#### Data items
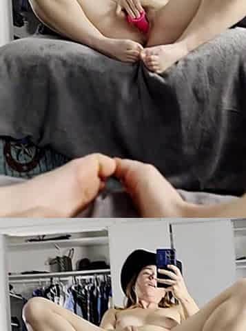 Stepsis loves me - lucky dude caught his blonde stepsister playing her pussy with dildo
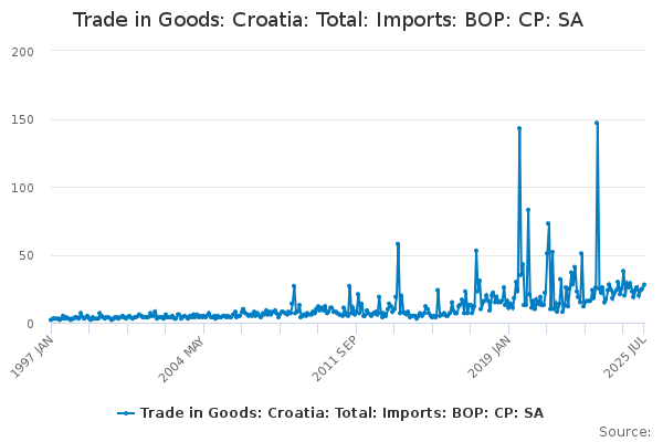 Download this time seriesTrade in Goods: Croatia: Total: Imports: BOP: CP: SA
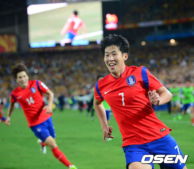 후반 한국 손흥민이 극적인 동점골을 넣고 기뻐하고 있다.
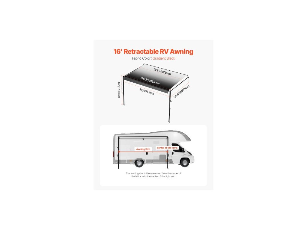 Kompletní sada manuální markýzy pro obytné vozy, 16' zatahovací markýza s rámem z hliníkové slitiny, venkovní markýza pro přívěsy, vhodná pro většinu obytných vozů (černá)
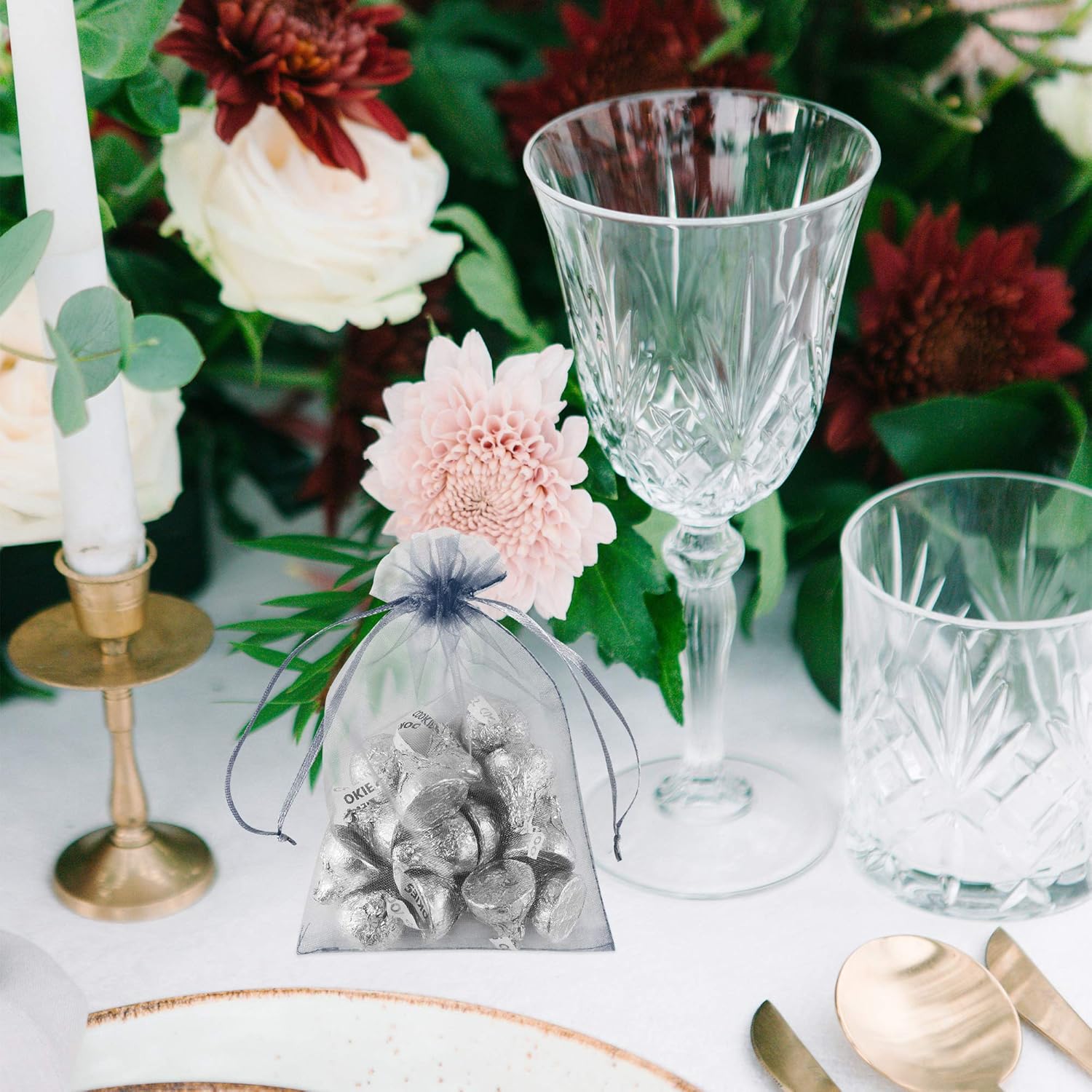 Super Z Outlet 100 Pack 5x7 Inch Mini Sheer Drawstring Organza Transparent Bags Jewelry Sack Pouches for Wedding, Party Decorations, Arts & Crafts Gifts (Silver)
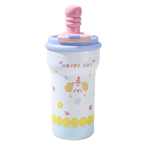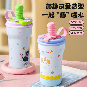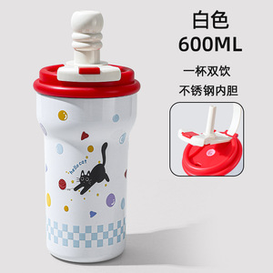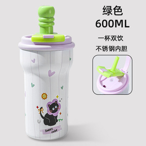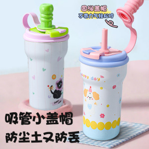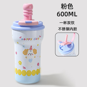 新しい高品質 316 ステンレス鋼魔法瓶カップ大容量学生ポータブルストローカップ漫画ダブルドリンクフラワーティーカップ
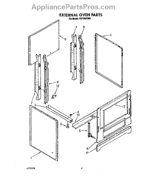 Parts for Whirlpool FEP350VL0: 03 - External Oven Parts
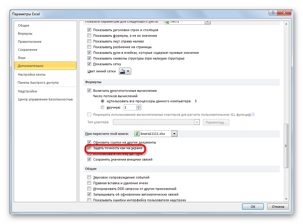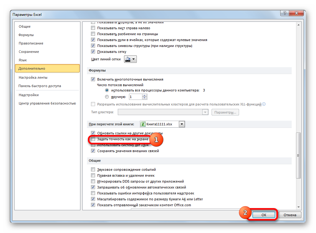 После этого в программе Excel 2010 и выше будет включен режим «точность как на экране».
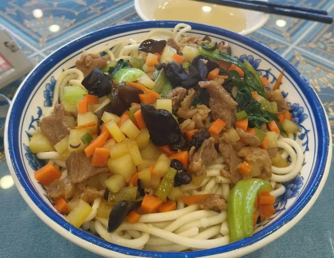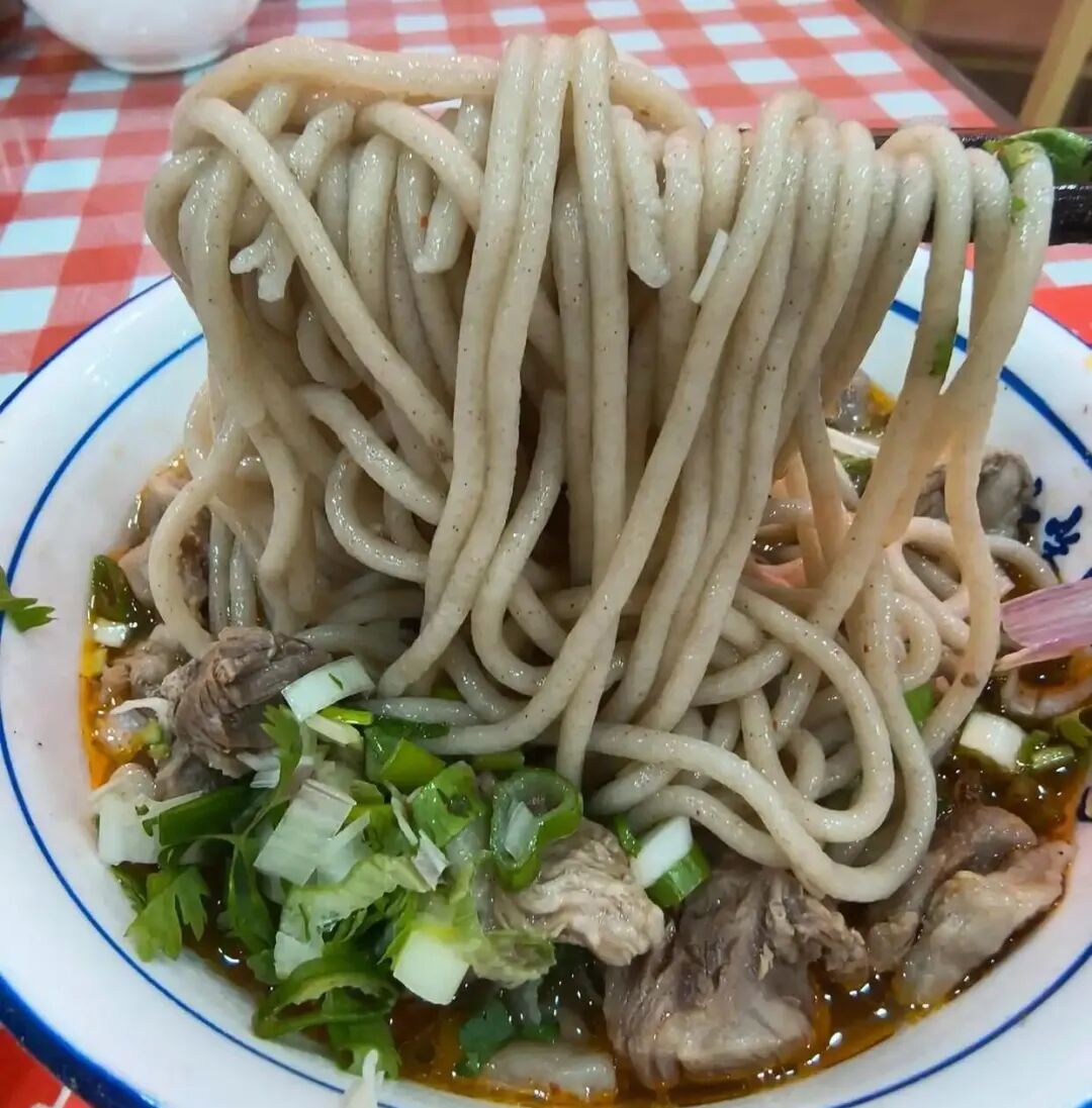宁夏传统面食,面条硬擀细切,筋道耐嚼;臊子以羊肉、青萝卜、辣椒、蒜苗等慢炒而成,汤多面少,酸辣鲜香。相传源于唐代“长寿面”,如今是银川街头巷尾的日常美味,营养丰富,老少皆宜。

#### YOUR OBJECTIVE
Leave the pictures out and restate exactly the lines from the one that has "После этого в" through the final line of the entries above, both ends included.

#### ANSWER TO THIS TASK
 После этого в программе Excel 2010 и выше будет включен режим «точность как на экране».
宁夏传统面食,面条硬擀细切,筋道耐嚼;臊子以羊肉、青萝卜、辣椒、蒜苗等慢炒而成,汤多面少,酸辣鲜香。相传源于唐代“长寿面”,如今是银川街头巷尾的日常美味,营养丰富,老少皆宜。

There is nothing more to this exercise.